■ INFORMATION SUPPLIED:

════════

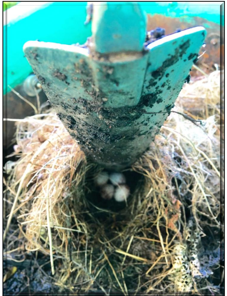
Garden volunteers recently found this wren's nest and tried to give it safe haven until the little ones hatch.
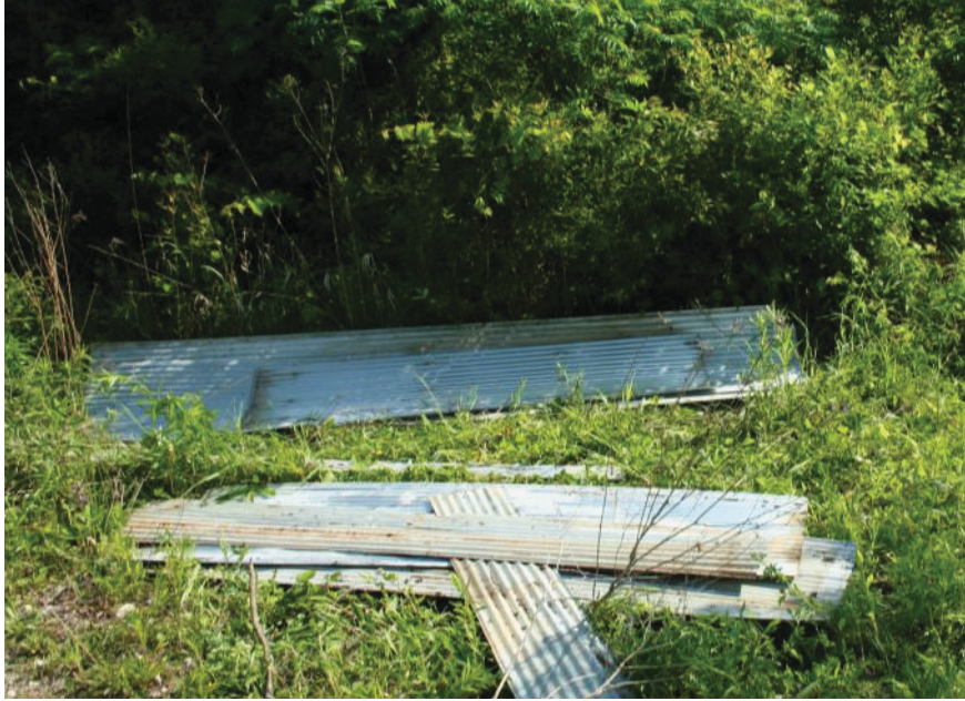
Figure 4. Artificial cover objects used to attract snakes for collection.
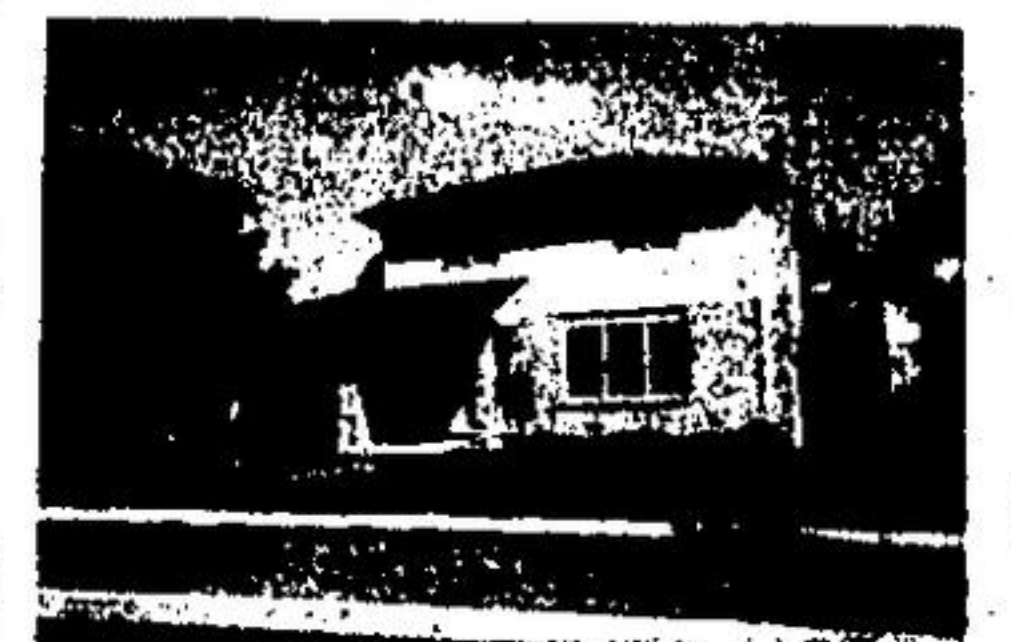
NOW ONLY $229,900.

Popular Sinclair model, 3 bedroom home - often requested but seldom on the market. Lovely main floor family with brick fireplace, sunshine ceiling in the greenhouse kitchen, beautiful master with ensuite and oversized walk-in closet. Priced to sell at $244,900. Call Glenda Hughes for your personal tour. NRS-9208
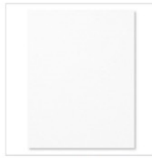
Whisper White 8-1/2" X 11" Cardstock
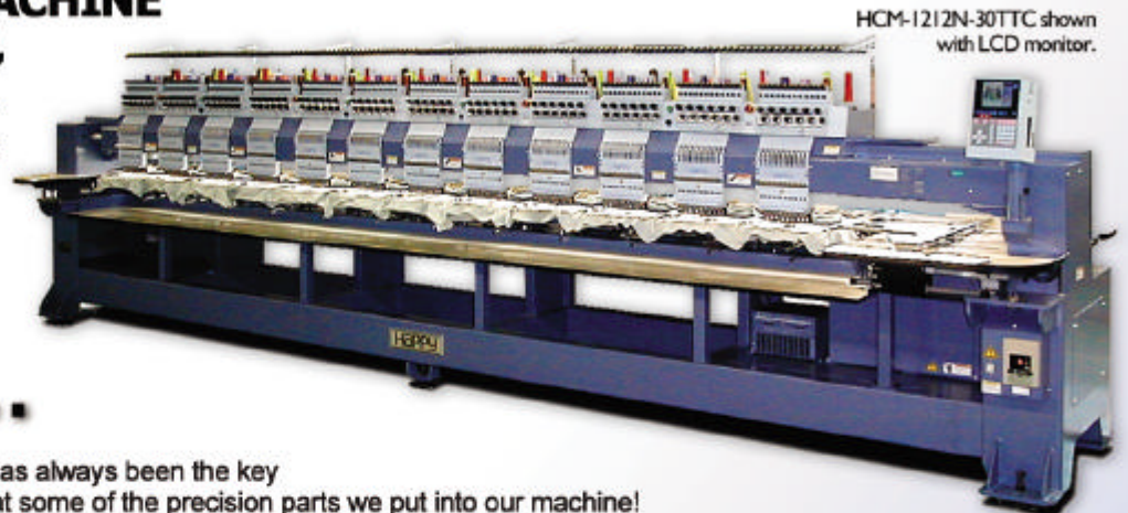
HCM-1212N-30TTC shown with LCD monitor.

It's the ENGINEERING that has always been the key to our success! Take a look at some of the precision parts we put into our machine!
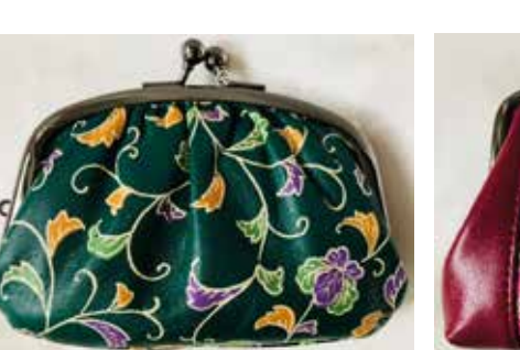
Dark Green w/ Orange and Purple Flowers 4"H, 5"W, 1"D Vinyl $34.45 each
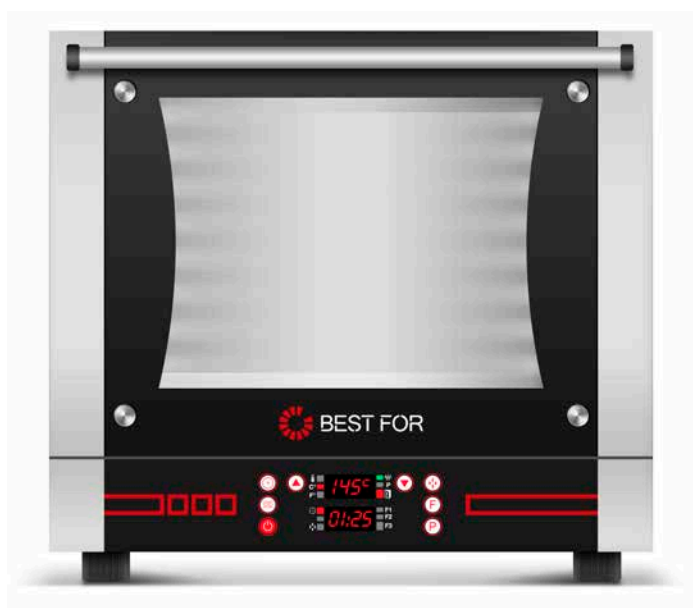
Snack 434 T digital
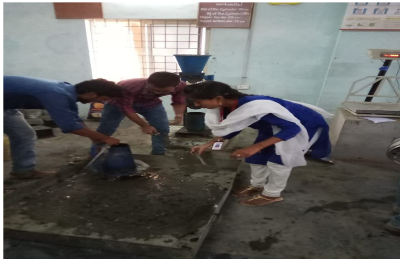
Fig 2: Conducting workability tests
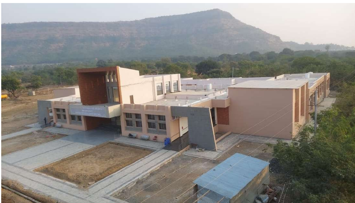
"Centre of Excellence" Building of the University
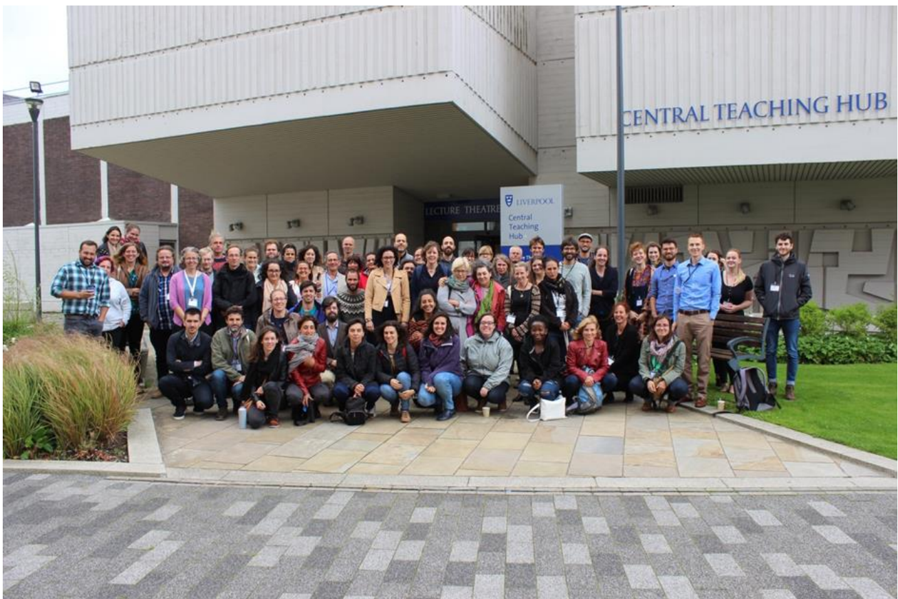
Anthraco2019 delegates at the entrance of the conference venue (University of Liverpool Central Teaching Hub)

The 7 th International Anthracology Conference took place at the University of Liverpool's award-winning Central Teaching Hub – designed around a central atrium, it is a bright light-filled space, with multi-functional zones – a wonderful setting for this important conference (usually held once every 4 years), specifically promoting the dissemination and discussion of all things charcoal. It was a truly international conference, with more than 80 delegates from a wide range of European countries, the Americas, Asia and Africa.
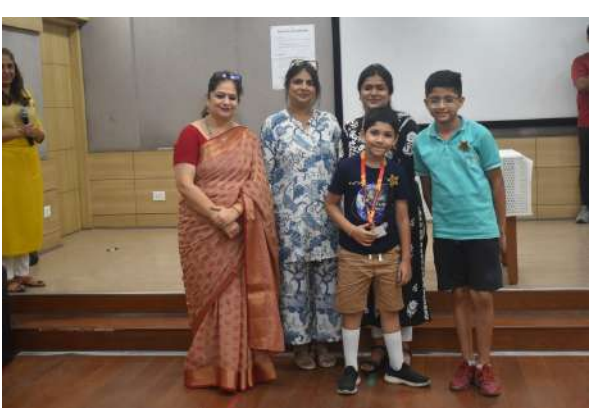
Robotics (Overall Learning, Understanding & Presentation):
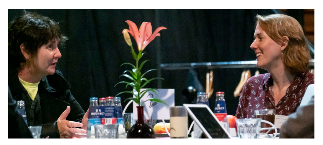
Participants of Fair 2020 having a discussion.

In the wake of the publication, DutchCulture set out to explore both the possibilities and the challenges of fair international cultural cooperation through the above-mentioned series of gatherings. These meetings provide a platform to strengthen each other's knowledge and identify ways that participants can translate into actions, cultural policies and long-term international collaborations. The goal is to formulate a mutually constructed code of conduct which can be adopted by cultural practitioners around the world.
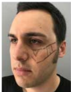
Figure 2. Preoperative marking of a patient presenting poor consolidated malar bone fracture.

We proposed both surgical and non-surgical approaches. In the surgical option, reduction and rigid fixation was suggested. The non-surgical option was based on HA filler injection to restore the proper projection of the injured side. The patient, clearly informed about the non-permanent effect of the procedure, opted for the non-surgical approach. After careful radiological evaluation, we injected 1 mL of VYC-20L, a 20-mg/mL, 1,4-butanediol diglycidyl ether (BDDE) cross-linked, HA gel (Juvèderm Voluma with Lidocaine, Allergan Inc., Irvine, CA, USA) deep to the bone, 0.2 mL in medial area, 0.4 mL in two points in the lateral area. We then injected 1 mL of VYC-17L, a 17.5 mg/mL, 1,4-butanediol diglycidyl ether (BDDE) cross-linked, HA filler (Juvèderm Volift with Lidocaine, Allergan Inc., Irvine, CA, USA) in the subcutaneous layer with cannula, with the aim to restore malar projection (Figure 2).
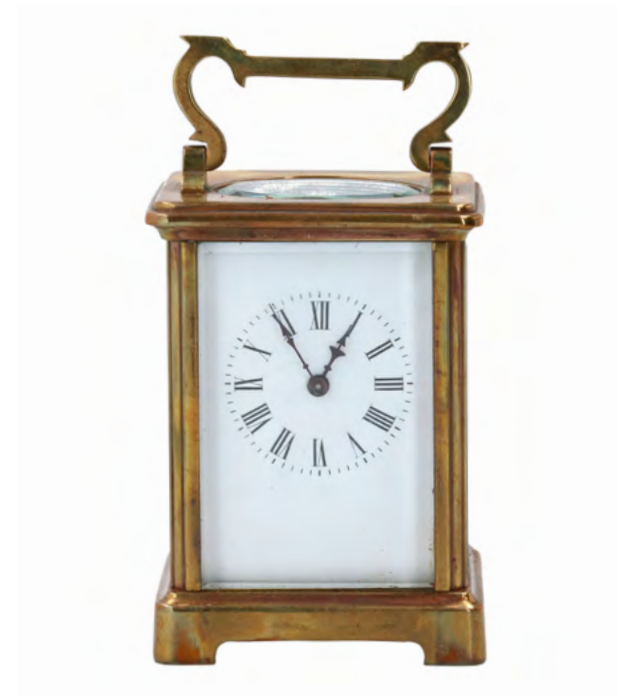
2161 A brass travel clock in case. France, 19th century. Dim. 6.5 x 8 x 12 cm.
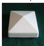
Post Base Trim
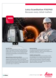
Leica ScanStation P30/40

Illustrations, descriptions and technical specifications are not binding. All rights reserved. Printed in Switzerland – Copyright Leica Geosystems AG, Heerbrugg, Switzerland 2016. 835466en - 03.17
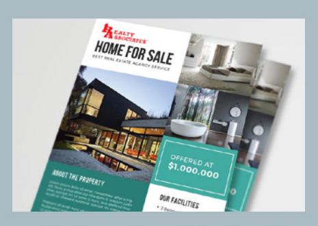
Full Color Marketing
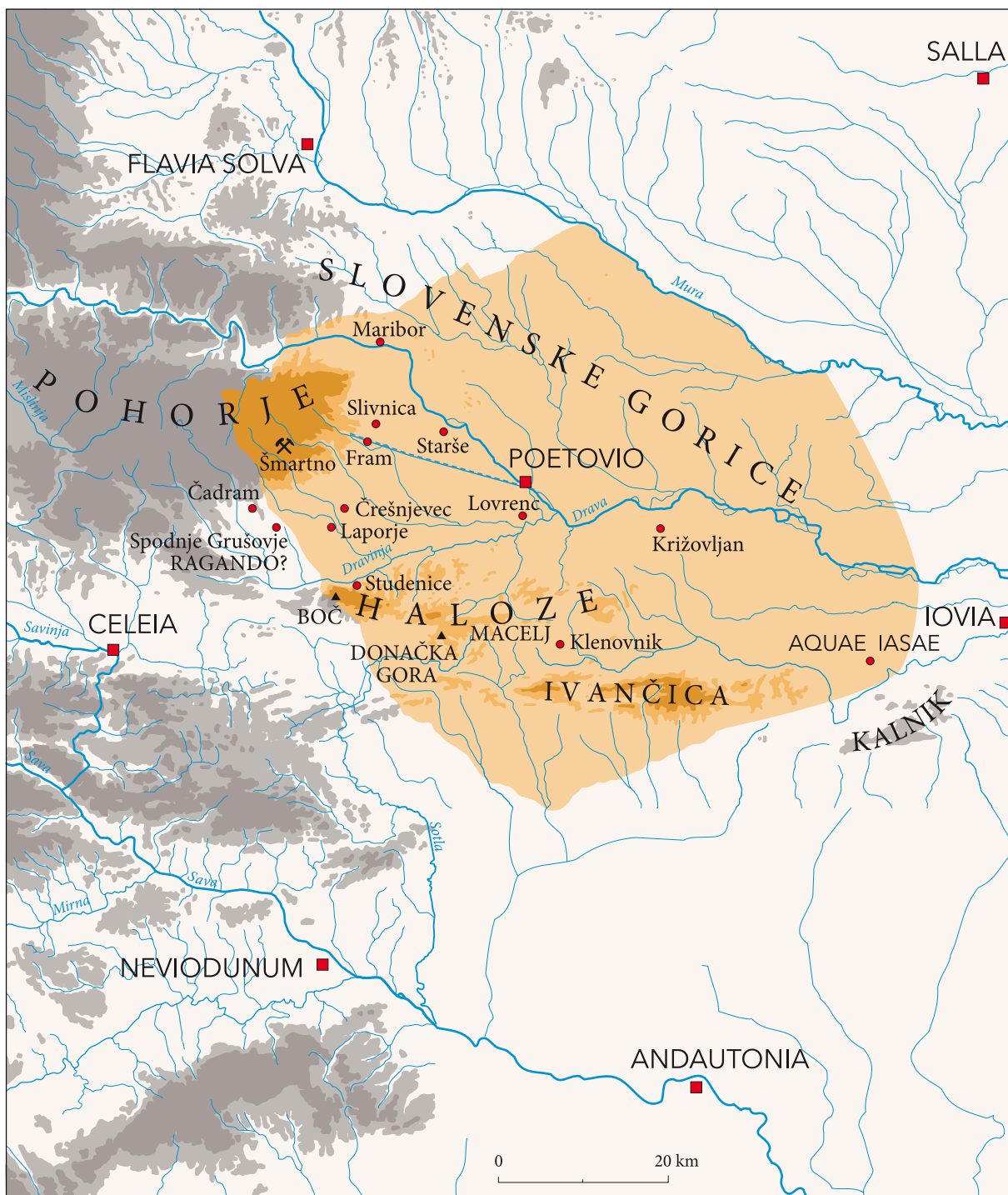
Fig. 4: Theoretical boundaries of the territory of Poetovio.

Sl. 4: Teoretična meja upravnega območja Petovione.
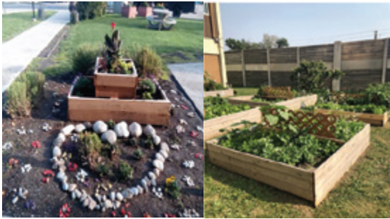
A small corner of Bridgeland's garden

Have you ever had an idea for a community project to make your community better, meet your neighbours, tackle issues in your community? Then you might consider applying for a Neighbourhood Grant offered in your community like Kari Priolo did in the community of Bridgeland.
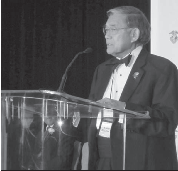
Former Secretary of Transportation Norm Mineta was the keynote speaker at the Sayonara Banquet
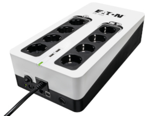
Figure 1 Eaton 3S 850 FR

Functional unit: To protect the load of 510 Watts against input power failure during 5 years and switch to the energy storage system to avoid power outage.
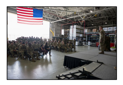
Note: All Data on this card is as of 30 Sep 24 for Fiscal Year 2024 (01 Oct 23 to 30 Sep 24) unless otherwise noted.
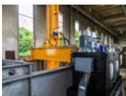
· Hydraulic Reservoir
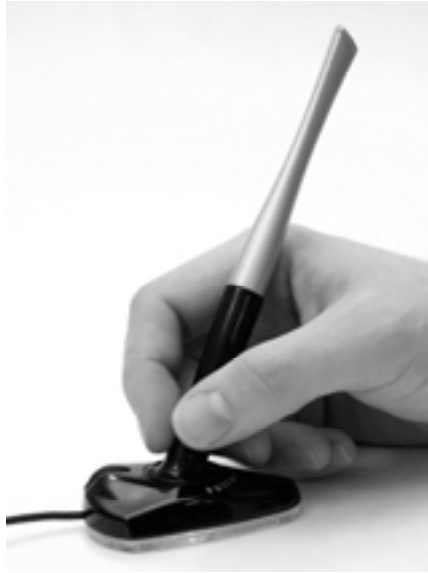
Figure 1. The new pen grip controlled concept mouse, UllmanMouse.
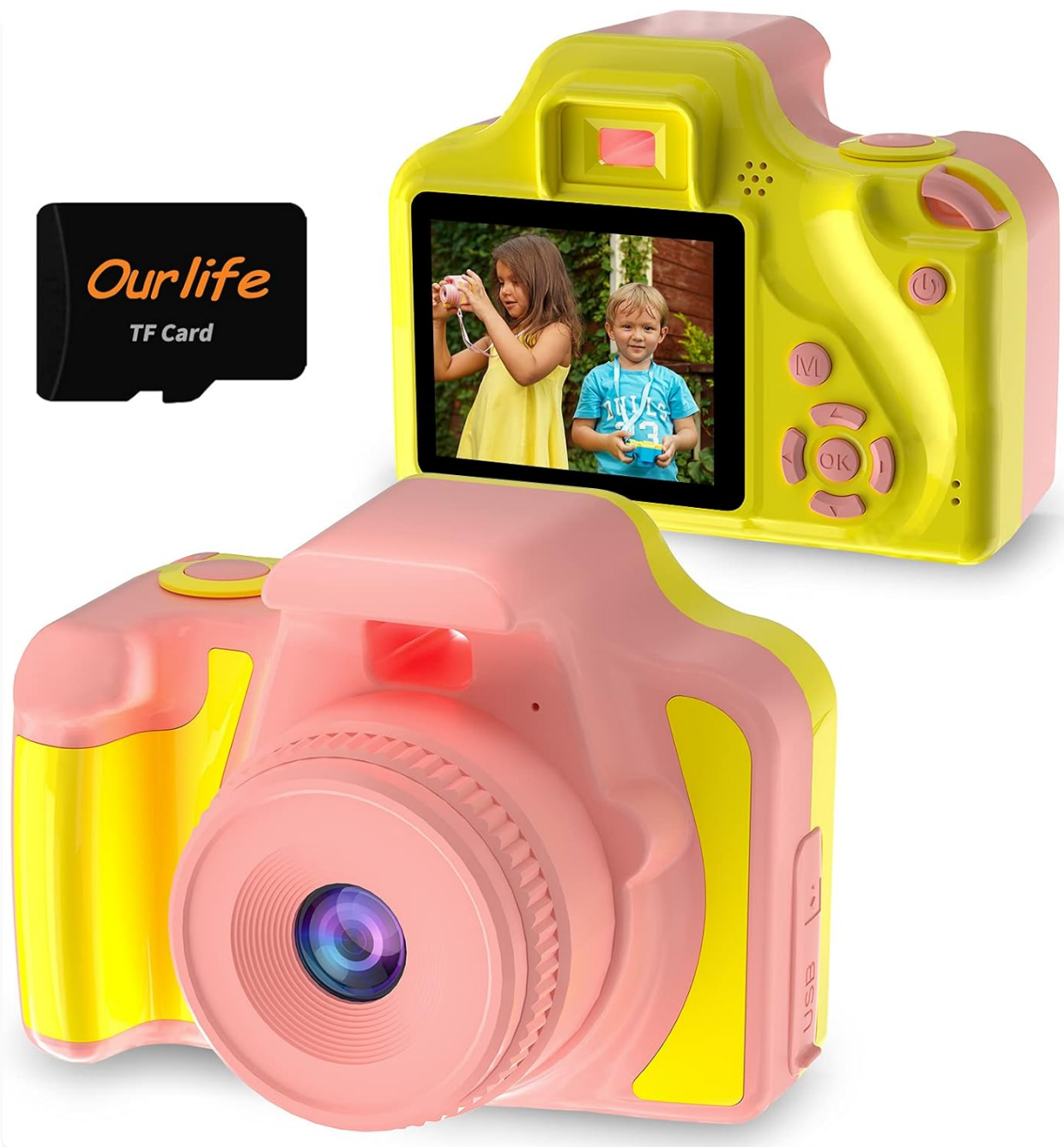
Image: Front and back view of the Ourlife Kids Camera in pink and yellow, alongside an Ourlife TF Card.
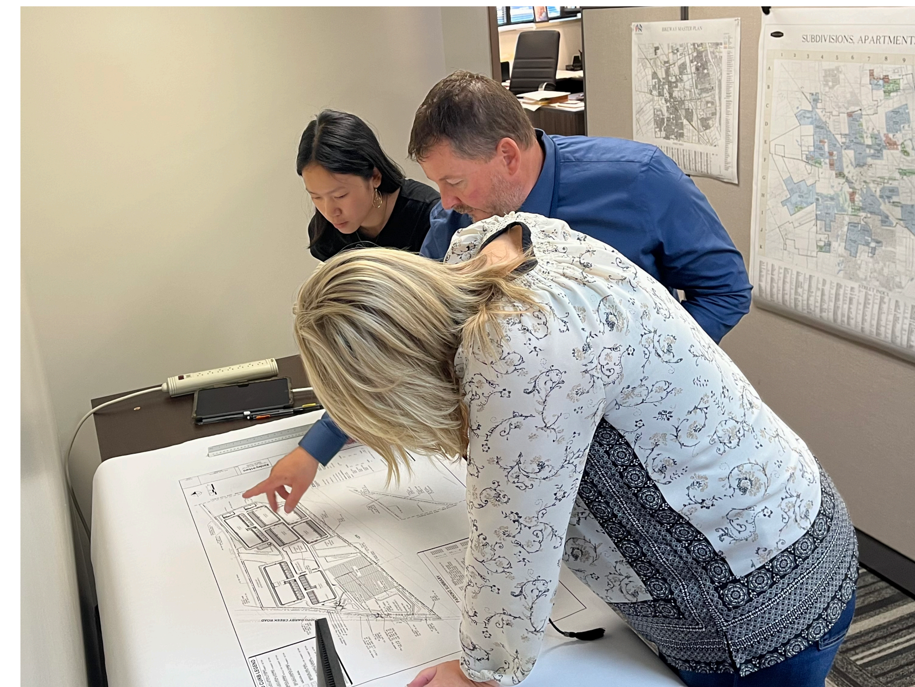
Image of me working alongside Hilliard's Planning Manager and Code Enforcement Officer to review the site plan of a new development proposal.
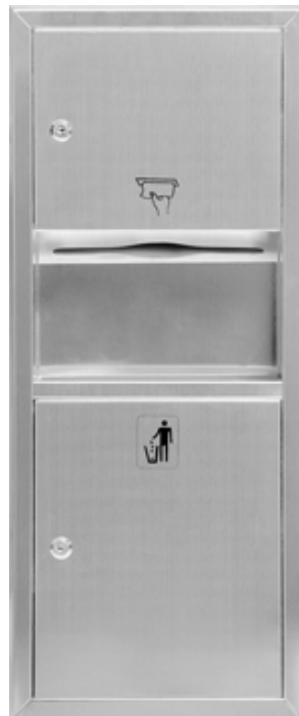
Recess Panel 2-IN-1-A with Tissue Paper Dispenser + Waste Receptacle in SS 304 Body

════════

■ ASSIGNMENT: Start at the line above containing "Leica ScanStation P30/40" and stop at the line containing "Fig. 4: Theoretical": print those lines and everything between them exactly, but not the pictures.

■ EXERCISE RESULT:
Leica ScanStation P30/40

Illustrations, descriptions and technical specifications are not binding. All rights reserved. Printed in Switzerland – Copyright Leica Geosystems AG, Heerbrugg, Switzerland 2016. 835466en - 03.17
Full Color Marketing
Fig. 4: Theoretical boundaries of the territory of Poetovio.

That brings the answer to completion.